Les effets de ces coups de boutoir libéraux ont été dévastateurs pour la qualité et la disponibilité des services publics à l’échelle des États membres, ce d’autant plus que les gouvernements ont souvent été au-devant et au-delà de ses contraintes imposées par les traités aux services d’intérêt général.

La France n’échappe pas à ce double constat et de nombreuses voix se sont élevées le 16 décembre pour dénoncer la situation scandaleuse :

  • des transports publics (avec un débat parallèle sur les enjeux de la gratuité) ;
  • la collecte des déchets – dont la moitié à Paris par exemple relève du secteur privé;
  • la santé et notamment le secteur hospitalier, dont l’AP-HP[3] qui, comme les transports et les déchets, va être mise considérablement sous pression à l’été 2024 avec l’accueil des Jeux olympiques. Comme l’a souligné Michèle Leflon (présidente de la Coordination des collectifs de défense des hôpitaux et maternités de proximité), le temps est loin (début des années 2000) où la France comptait parmi les premières nations en termes de qualité des soins. Notre système, y compris la Sécurité Sociale, est pris en otage par l’austérité et la libéralisation imposées par Bruxelles et démuni voire dépouillé par une série d’acteurs :
    • les grandes firmes pharmaceutiques
    • l’U.E., devenue une grande centrale d’achat préservant [grâce au poids des lobbys] l’intérêt des laboratoires » selon Yves Hellendorf (Réseau européen santé)
    • les banques (cf. le lourd endettement hospitalier), les assurances complémentaires, etc.

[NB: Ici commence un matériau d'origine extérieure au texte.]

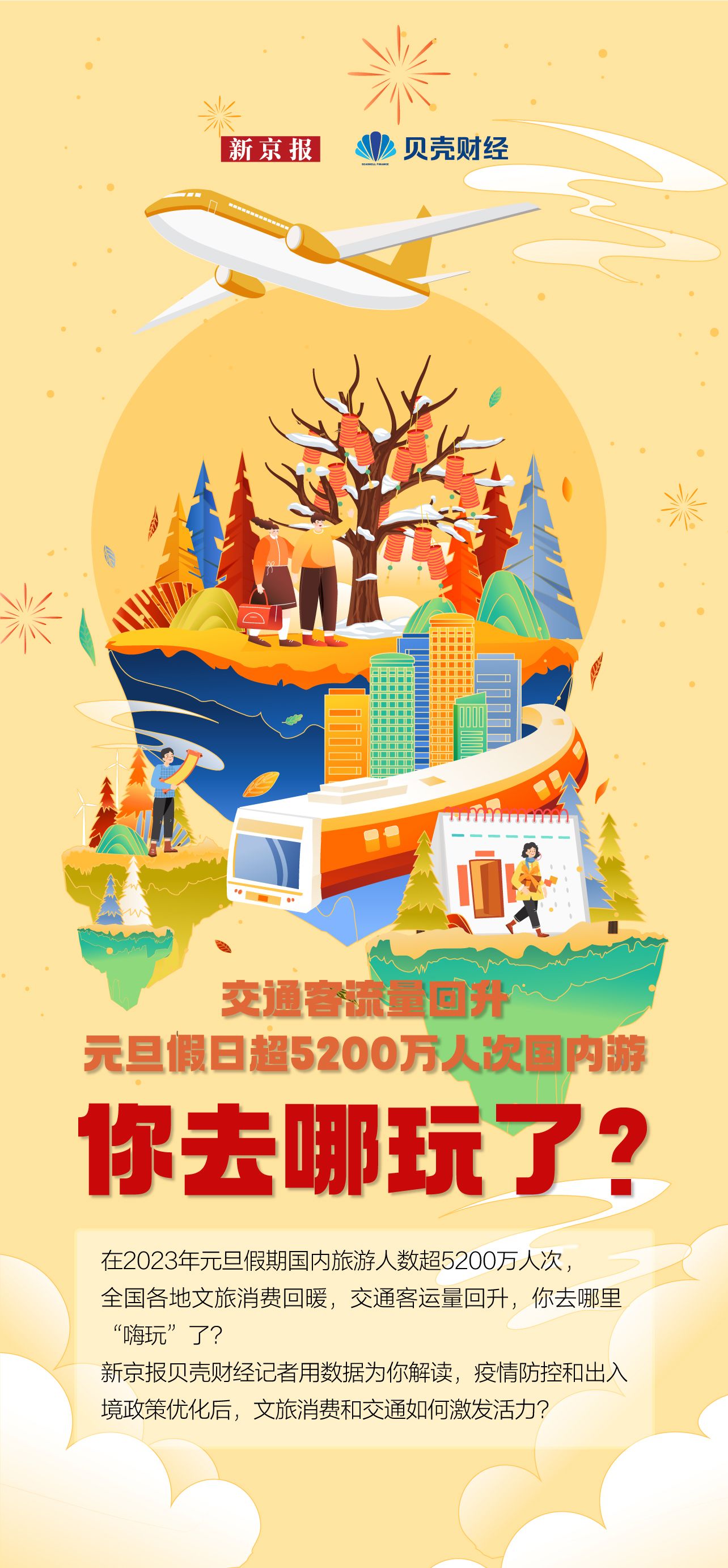 在2023年元旦假期,国内旅游人数超5200万人次,全国各地文旅消费回暖,交通客运量回升,你去哪里“嗨玩”了?

Ramon Vila (Secrétaire de Sud Santé-Sociaux) a pointé dans la foulée les enjeux associés à la préservation des statuts des individus agents, la dégradation constante des conditions de travail – par exemple des aides à domicile – et la nécessité de lutter contre l’Uberisation en marche, à l’origine également des difficultés de recrutement.

Nous nous dirigeons lentement vers un système régressif à l’américaine : un simple « filet de sécurité » (et encore) pour les plus pauvres, le reste abandonné au privé et accessible uniquement aux plus riches.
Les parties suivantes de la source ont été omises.